The emphasis on work-place assessment methods has been growing as measuring a trainee’s knowledge, skills, judgment or professional behavior is of determinative values in the educational or training programs . Standardized methods of assessing the surgical skills of trainees in the operating theatre require valid and reliable instruments to ensure that graduates’ performance is in compliance with the accepted professional demands . To address the growing need for a structured assessment tool to properly evaluate the operative skills of otolaryngology trainees/residents performing thyroid surgery this assessment tool was developed, which proved to be valid and reliable as well as acceptable to assessors. The feasibility and cost-effectiveness of the assessment tool developed in this study were present, as these are essential components for an assessment method to be convenient and for proper implementation of it in a training program.
Considering the reliability, the internal consistency was found to be significant when compared to the known global rating scale that was used as a second tool in this study.
Since measuring the progress of trainees over time is crucial in certifying competence, this instrument was able to demonstrate achievement of higher score with advancement in training years.

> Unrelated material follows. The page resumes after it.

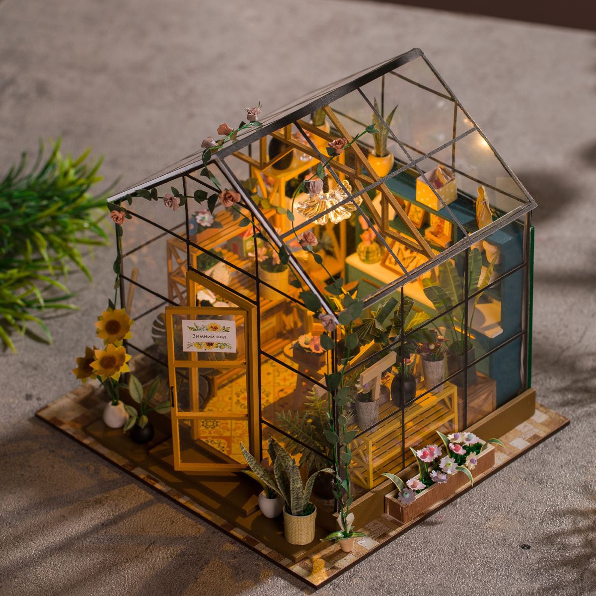 [무료 배송] diy 캐빈 꽃집 수제 집 조립 입체 퍼즐 소녀를위한 미니어처 모델 장난감

It was also able to capture progress within the same participant after gaining more experience and knowledge with subsequent evaluations.
Limitations to this study include the small sample size, however, increase in the number of participants would be considered to confirm findings in future studies as this is a preliminary pilot one. Another limitation which too will be addressed in the subsequent larger scale study is that inter-rater agreement was not possible to be calculated since every participant was assessed by a single assessor.

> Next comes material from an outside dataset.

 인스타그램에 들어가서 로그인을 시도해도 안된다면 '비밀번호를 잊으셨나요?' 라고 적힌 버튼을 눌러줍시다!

The otolaryngology residents were directly observed performing thyroid surgeries on patients in presence of the assessors who were consultants, in contrast to other studies that were done at other different settings using bench models or live anaesthetized animals .
This tool’s components are broadly similar to those developed by Diaz Voss Varela et al. , however, this instrument has longer and separate items that would play an important role in accurate evaluation of operative skills of the residents. This study’s results were consistent with those developed by Diaz Voss Varela et al. in terms of feasibility, reliability and construct validity .
The experience of otolaryngology head and neck surgeons in developing assessment tools for evaluating technical skill and knowledge of trainees performing various procedures have been successful as these tools were found to have proven statistical significance [7-9]. This ensures that such validated instruments can be adopted with good educational impact in otolaryngology practice.
This instrument shows promising results to be a reliable, valid and feasible assessment method for testing the surgical skills of the residents within the operation theater, performing thyroidectomy. It provides detailed evaluation with global considerations to the decisive and crucial steps in the surgical procedures that requires competence of the residents. Such instrument can contribute to the educational development in the surgical field as it gives insight and feedback about the competency level of trainees.